__Instructions for the task__: Start at the line in the entries below that contains "In Kensington, we", stop at the line that contains "현수막의 대변신! 새마을운동중앙협의회가", and output exactly the lines in that span, both ends included.

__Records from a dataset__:
* * *

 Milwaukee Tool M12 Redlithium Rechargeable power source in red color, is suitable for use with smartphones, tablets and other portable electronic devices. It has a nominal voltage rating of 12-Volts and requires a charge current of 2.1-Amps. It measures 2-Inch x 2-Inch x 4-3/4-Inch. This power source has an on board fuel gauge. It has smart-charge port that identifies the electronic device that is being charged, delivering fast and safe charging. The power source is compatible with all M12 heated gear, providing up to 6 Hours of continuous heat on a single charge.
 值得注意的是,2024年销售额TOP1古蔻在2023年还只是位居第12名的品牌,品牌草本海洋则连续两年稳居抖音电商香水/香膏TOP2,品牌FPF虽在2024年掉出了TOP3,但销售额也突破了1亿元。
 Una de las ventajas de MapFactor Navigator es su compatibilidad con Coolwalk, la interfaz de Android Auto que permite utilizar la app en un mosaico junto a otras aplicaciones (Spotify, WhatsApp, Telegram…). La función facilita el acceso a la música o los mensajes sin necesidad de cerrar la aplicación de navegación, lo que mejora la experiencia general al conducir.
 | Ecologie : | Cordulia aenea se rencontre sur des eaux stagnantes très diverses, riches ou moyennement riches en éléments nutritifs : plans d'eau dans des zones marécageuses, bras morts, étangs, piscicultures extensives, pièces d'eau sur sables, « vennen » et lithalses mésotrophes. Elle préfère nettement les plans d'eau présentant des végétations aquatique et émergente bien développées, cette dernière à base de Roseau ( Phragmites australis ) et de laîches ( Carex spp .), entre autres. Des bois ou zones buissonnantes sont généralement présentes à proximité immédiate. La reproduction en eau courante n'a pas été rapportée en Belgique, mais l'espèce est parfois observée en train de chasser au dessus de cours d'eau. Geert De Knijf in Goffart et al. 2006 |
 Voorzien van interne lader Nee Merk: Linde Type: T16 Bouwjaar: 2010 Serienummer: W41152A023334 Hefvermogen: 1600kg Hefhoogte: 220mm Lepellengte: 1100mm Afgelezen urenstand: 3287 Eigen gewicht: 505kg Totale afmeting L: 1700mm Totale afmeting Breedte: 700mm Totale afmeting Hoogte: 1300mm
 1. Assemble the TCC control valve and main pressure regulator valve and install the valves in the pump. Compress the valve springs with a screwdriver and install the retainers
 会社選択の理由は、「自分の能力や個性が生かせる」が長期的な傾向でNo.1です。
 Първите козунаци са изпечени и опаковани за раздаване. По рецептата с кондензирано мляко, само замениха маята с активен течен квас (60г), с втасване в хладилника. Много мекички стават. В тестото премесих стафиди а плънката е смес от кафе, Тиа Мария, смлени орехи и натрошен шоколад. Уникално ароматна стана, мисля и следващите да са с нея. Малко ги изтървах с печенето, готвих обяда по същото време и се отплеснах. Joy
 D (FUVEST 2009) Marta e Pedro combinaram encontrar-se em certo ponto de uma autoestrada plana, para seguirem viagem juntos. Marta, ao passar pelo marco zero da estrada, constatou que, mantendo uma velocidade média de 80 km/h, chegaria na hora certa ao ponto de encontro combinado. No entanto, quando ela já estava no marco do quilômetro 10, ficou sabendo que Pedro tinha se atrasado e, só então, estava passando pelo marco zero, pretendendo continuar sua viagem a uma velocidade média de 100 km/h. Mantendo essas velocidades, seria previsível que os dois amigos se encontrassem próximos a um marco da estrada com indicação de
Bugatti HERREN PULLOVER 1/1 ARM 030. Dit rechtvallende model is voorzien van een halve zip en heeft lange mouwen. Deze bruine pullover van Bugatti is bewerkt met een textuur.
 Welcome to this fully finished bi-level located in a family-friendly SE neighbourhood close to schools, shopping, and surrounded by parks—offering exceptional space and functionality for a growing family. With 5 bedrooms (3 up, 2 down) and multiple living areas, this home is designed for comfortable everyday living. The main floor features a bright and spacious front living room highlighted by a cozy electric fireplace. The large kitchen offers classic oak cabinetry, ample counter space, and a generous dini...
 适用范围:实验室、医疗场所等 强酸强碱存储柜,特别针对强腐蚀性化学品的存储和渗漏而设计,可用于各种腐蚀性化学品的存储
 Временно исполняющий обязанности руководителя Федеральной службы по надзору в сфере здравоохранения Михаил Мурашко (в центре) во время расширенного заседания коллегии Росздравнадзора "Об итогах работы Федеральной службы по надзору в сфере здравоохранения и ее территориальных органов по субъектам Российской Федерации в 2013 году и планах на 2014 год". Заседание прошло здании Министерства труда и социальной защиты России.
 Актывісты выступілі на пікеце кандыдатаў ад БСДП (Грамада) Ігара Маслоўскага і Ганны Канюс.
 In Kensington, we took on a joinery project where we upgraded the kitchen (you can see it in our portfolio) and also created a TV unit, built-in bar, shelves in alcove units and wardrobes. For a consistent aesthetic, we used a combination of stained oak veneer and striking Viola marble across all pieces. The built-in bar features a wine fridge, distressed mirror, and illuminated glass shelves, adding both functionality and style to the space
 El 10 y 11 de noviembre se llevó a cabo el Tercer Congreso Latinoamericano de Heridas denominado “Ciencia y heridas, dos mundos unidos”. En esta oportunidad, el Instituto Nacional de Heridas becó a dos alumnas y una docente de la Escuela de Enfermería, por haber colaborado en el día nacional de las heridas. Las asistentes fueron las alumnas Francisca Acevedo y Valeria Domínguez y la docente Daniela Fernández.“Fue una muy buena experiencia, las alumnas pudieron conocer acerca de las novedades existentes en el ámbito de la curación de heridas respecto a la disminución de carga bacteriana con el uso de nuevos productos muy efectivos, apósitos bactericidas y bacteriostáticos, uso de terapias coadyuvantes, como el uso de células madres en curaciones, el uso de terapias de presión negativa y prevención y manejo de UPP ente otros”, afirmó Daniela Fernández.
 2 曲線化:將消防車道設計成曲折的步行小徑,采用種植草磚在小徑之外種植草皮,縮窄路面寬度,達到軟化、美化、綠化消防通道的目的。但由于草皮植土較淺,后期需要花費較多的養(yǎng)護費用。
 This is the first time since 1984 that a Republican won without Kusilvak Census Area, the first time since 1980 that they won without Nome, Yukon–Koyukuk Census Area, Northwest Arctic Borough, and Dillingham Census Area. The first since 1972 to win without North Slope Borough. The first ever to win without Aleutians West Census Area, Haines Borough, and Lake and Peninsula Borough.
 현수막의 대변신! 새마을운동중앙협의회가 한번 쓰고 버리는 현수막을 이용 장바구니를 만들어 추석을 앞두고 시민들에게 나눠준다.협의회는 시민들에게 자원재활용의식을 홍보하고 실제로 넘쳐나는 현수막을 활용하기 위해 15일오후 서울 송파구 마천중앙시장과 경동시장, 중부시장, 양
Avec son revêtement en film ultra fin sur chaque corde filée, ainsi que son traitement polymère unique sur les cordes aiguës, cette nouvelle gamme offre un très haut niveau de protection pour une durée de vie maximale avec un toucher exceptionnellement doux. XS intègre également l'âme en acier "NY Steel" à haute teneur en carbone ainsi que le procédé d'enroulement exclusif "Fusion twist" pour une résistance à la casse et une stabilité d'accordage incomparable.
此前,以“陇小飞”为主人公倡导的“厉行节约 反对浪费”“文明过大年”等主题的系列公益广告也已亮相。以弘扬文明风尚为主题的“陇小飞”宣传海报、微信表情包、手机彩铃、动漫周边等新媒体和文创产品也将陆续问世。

* * *

__Your solution__:
 In Kensington, we took on a joinery project where we upgraded the kitchen (you can see it in our portfolio) and also created a TV unit, built-in bar, shelves in alcove units and wardrobes. For a consistent aesthetic, we used a combination of stained oak veneer and striking Viola marble across all pieces. The built-in bar features a wine fridge, distressed mirror, and illuminated glass shelves, adding both functionality and style to the space
 El 10 y 11 de noviembre se llevó a cabo el Tercer Congreso Latinoamericano de Heridas denominado “Ciencia y heridas, dos mundos unidos”. En esta oportunidad, el Instituto Nacional de Heridas becó a dos alumnas y una docente de la Escuela de Enfermería, por haber colaborado en el día nacional de las heridas. Las asistentes fueron las alumnas Francisca Acevedo y Valeria Domínguez y la docente Daniela Fernández.“Fue una muy buena experiencia, las alumnas pudieron conocer acerca de las novedades existentes en el ámbito de la curación de heridas respecto a la disminución de carga bacteriana con el uso de nuevos productos muy efectivos, apósitos bactericidas y bacteriostáticos, uso de terapias coadyuvantes, como el uso de células madres en curaciones, el uso de terapias de presión negativa y prevención y manejo de UPP ente otros”, afirmó Daniela Fernández.
 2 曲線化:將消防車道設計成曲折的步行小徑,采用種植草磚在小徑之外種植草皮,縮窄路面寬度,達到軟化、美化、綠化消防通道的目的。但由于草皮植土較淺,后期需要花費較多的養(yǎng)護費用。
 This is the first time since 1984 that a Republican won without Kusilvak Census Area, the first time since 1980 that they won without Nome, Yukon–Koyukuk Census Area, Northwest Arctic Borough, and Dillingham Census Area. The first since 1972 to win without North Slope Borough. The first ever to win without Aleutians West Census Area, Haines Borough, and Lake and Peninsula Borough.
 현수막의 대변신! 새마을운동중앙협의회가 한번 쓰고 버리는 현수막을 이용 장바구니를 만들어 추석을 앞두고 시민들에게 나눠준다.협의회는 시민들에게 자원재활용의식을 홍보하고 실제로 넘쳐나는 현수막을 활용하기 위해 15일오후 서울 송파구 마천중앙시장과 경동시장, 중부시장, 양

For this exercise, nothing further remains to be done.